Это сравнение можно продолжить. В деле эстетического восприятия прежде всего должно соблюдаться условие, благоприятствующее восприятию: нужно, чтобы люди рассуждали о конкретном произведении искусства как о произведении искусства вообще; далее, восприняв его как произведение искусства, нужно, чтобы у них в распоряжении оказались категории восприятия его композиции, структуры и т. п. Представим себе вопрос, сформулированный таким образом: «Вы сторонник директивного или недирективного воспитания?». Для некоторых он может обернуться вопросом политическим, относящим представление об отношениях между родителями и детьми к системе взглядов на общество, для других — это вопрос чисто моральный. Итак, вопросник, составленный таким образом, что людей спрашивают, считают или не считают они для себя политикой забастовки, участие в поп-фестивалях, отращивание длинных волос и т. д., обнаруживает очень серьезный разброс в зависимости от социальной группы. Первое условие адекватного ответа на политический вопрос состоит в способности представлять что именно как политический; второе — в способное и, представив вопрос как политический, применить к нему чисто политические категории, которые, в свою очередь, могут оказаться более или менее адекватны и, более или менее изощренными и т. д. Таковы специфические условия производства мнений, и опросы общественного мнения предполагают, что эти условия повсюду и единообразно выполняются, исходя из первого постулата, по которому все люди могут производить мнение.

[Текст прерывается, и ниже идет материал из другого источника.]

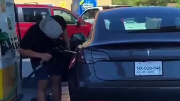 यूएस जैसे देश में इलेक्ट्रिक कार खूब धूम मचा रहे हैं तथा टेस्ला जैसी कंपनी इस क्षेत्र ममें राज कर रही है। हाल ही में एक ऐसा ही वीडियो सामने आया है जिसमें एक इलेक्ट्रिक कार ड्राईवर पेट्रोल पंप पर चला गया और पेट्रोल डालने की कोशिश करने लगा।

Второй принцип, согласно которому люди могут производить мнение, это то, что я называю «классовым этосом» (не путать с «классовой этикой»), т. е. система латентных ценностей, интериоризованных людьми с детства, в соответствии с которой они вырабатывают ответы на самые разнообразные вопросы. Мнения, которыми люди обмениваются, выходя со стадиона по окончании футбольного матча между командами Рубэ и Валансьена, большей частью своей связности и своей логики обязаны классовому этосу. Масса ответов, считающихся ответами по поводу политики, на самом деле производится в соответствии с классовым этосом, и тем самым эти ответы могут приобретать совершенно иное значение, когда подвергаются интерпретации в политической сфере. Здесь я должен сослаться на социологическую традицию, распространенную главным образом среди некоторых социологов политики в Соединенных Штатах, которые говорят обычно о консерватизме и авторитаризме народных классов. Эти утверждения основаны на сравнении полученных в разных странах данных исследований или выборов, которые в тенденции показывают, что всякий раз, в какой бы ни было стране, когда опрашиваются народные классы о проблемах, касающихся властных отношений, личной свободы, свободы печати и т. п., их ответы оказываются более «авторитарными», чем ответы других классов. Из этого делают обобщающий вывод, что существует конфликт между демократическими ценностями (у автора, которого я имею ввиду — Липсета — речь идет об американских демократических ценностях) и ценностями, интериоризованными народными классами, ценностями авторитарного и репрессивного типа. Отсюда извлекают нечто вроде эсхатологического видения: поскольку тяга к подавлению, авторитаризму и т. п. связана с низкими доходами, низким уровнем образования и т. п., надо поднять уровень жизни, уровень образования, и таким образом мы сформируем достойных граждан американской демократии.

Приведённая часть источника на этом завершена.